The curfew, which will be decided at a later date, would allow police officers to arrest school-aged minors who are not in school between the hours of 8 a.m. and 2:30 pm. The curfew only targets youth in the City of Richmond, where 80 percent of the population is people of color.
The Police Department’s proposal states that such “truants” will be taken to a police-run attendance center, where the youth will be held until their parents can pick them up, or until school hours are over. The penalties for truant youth include citations and fines up to $500. Youth caught being truant more than three times in one year face further penalties, like a misdemeanor charge and government intervention in their home.
Police Chief Fred Deltorchio was quoted saying that making truancy part of the municipal code, rather than relying solely on state educational code, adds teeth to the law. But why do we want to figuratively chew up our children?
When youth rebel, the adult impulse is to suppress the rebellion. Repressive tactics might work temporarily, but it’s only a matter of time before the problem once again rears its ugly head. This proposal is a response to a serious situation, and yes, truant children should be in school. But criminalizing them is not the answer.

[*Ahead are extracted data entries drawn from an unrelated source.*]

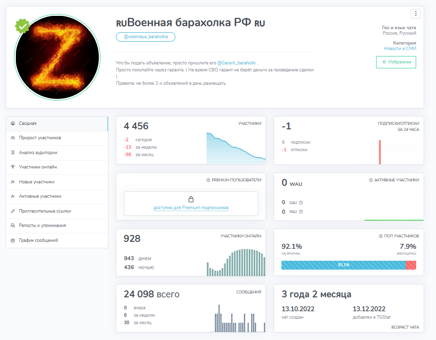 «Военная барахолка» — телеграм-чат по продаже амуниции для военных действий. Канал не выступает сам как поставщик и продавец, а всего лишь предоставляет площадку для пользователей. Канал привлекает низкой ценой. Большая часть товаров здесь уже были в употреблении. Низкой стоимостью обычно заманивают мошенники, а во время СВО появилось много тех, кто наживается на ситуации, так что проект нужно проверить.
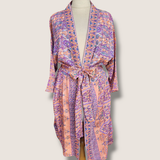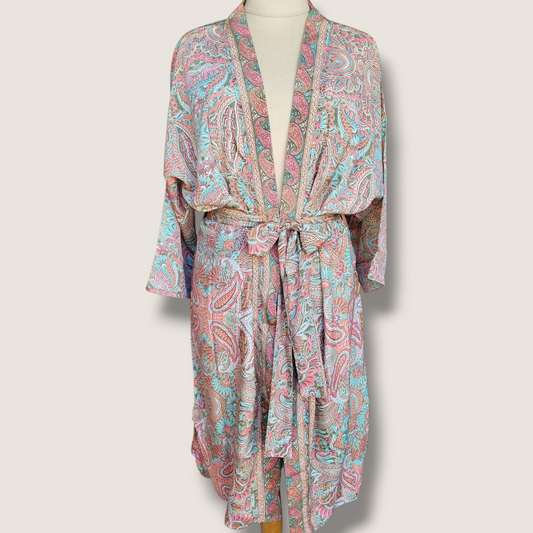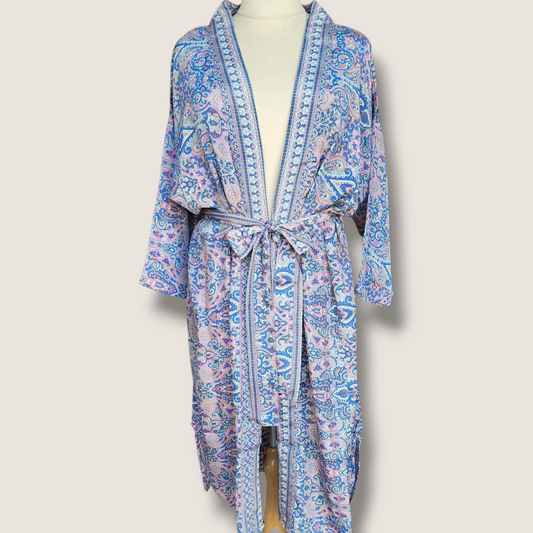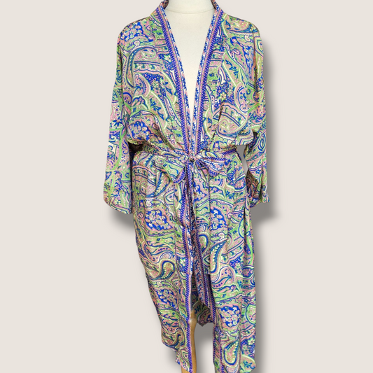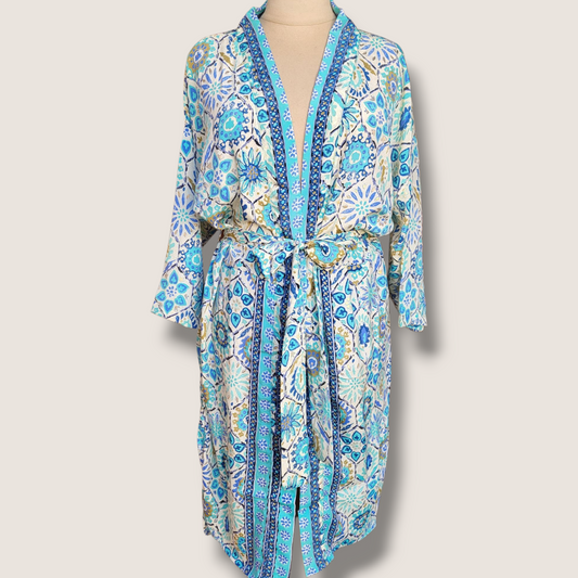 Onze kimono collectie is een eerbetoon aan vrouwelijkheid, vakmanschap en verfijning. 🧵 Elk stuk is met de hand gemaakt in India, van een zachte en duurzame mix van 70% zijde en 30% polyester. De stoffen vallen soepel om het lichaam en geven je outfit direct een unieke, elegante touch. 💫
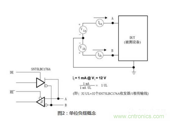 圖2給出了SN75LBC176A收發器單位負載計算的例子。因為這款設備將驅動器和接收器集成到一起構成了收發器(即驅動器輸出和接收器輸入連接到了同一根總線上),因此很難分別獲取驅動器泄漏電流和接收器輸入電流。為了便于計算,將接收器輸入阻抗看作12 k?并給收發器1mA電流。這可以代表一個單位負載,一跟傳輸總線上允許32個這樣的負載。
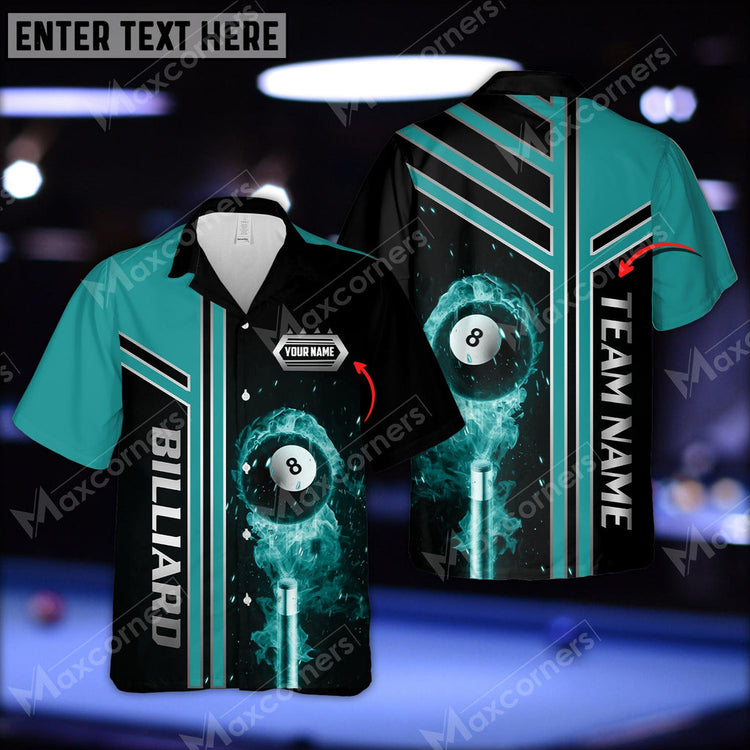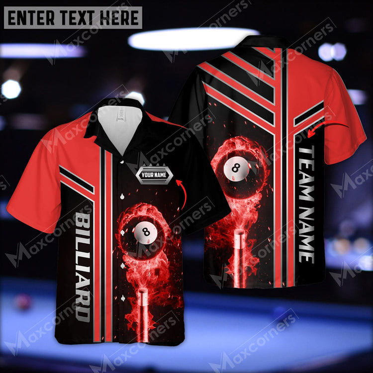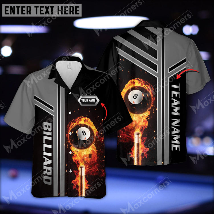 Billiards Ball 8 Fire Multicolor Options Personalized Name Hawaiian Shirt, Perfect Shirt for Billiard Lovers

In this situation, an increased number of juvenile delinquents will only perpetuate Richmond’s reputation as a crime-ridden city. If the curfew passes, juveniles would be delinquent based on their inability or refusal to pay a court fine or by ditching school again, perhaps to make a stand about what they perceive as an unfair punishment. Such actions may seem defiant and silly, but when you’re a teenager, adolescent actions are your way of making sense of a world in which you have little say.
Unfortunately, under this curfew such action taken against a targeted crack down would not be viewed in the spirit of Thoreau’s Civil Disobedience – as people making a stand against an unjust government – but rather as criminal behavior.
While it is commendable that the Richmond Police Department cares about youth missing school, and has even included a community-based organization in its proposed solution, a curfew would be more a challenge than a solution.
It’s as though the police are saying, “We dare you. Go ahead ditch, watch what we’ll do.”
That kind of challenge is fruitless. Kids are bored and uninspired in school and that’s often why they don’t care. They need to be challenged intellectually and be provided caring adults willing to ask what is going on in their lives that is leading them to act out. The school district and city council should address what programs have been cut that had incentivized kids to stay in school – arts, sports, music, creative expression – and how they can obtain programmatic funding rather than sequestering city funds for more policing.
Ultimately, children unafraid of school authorities are not likely to be intimidated by any authority. The solution to this problem should be how to make them care about school, not scare them into it.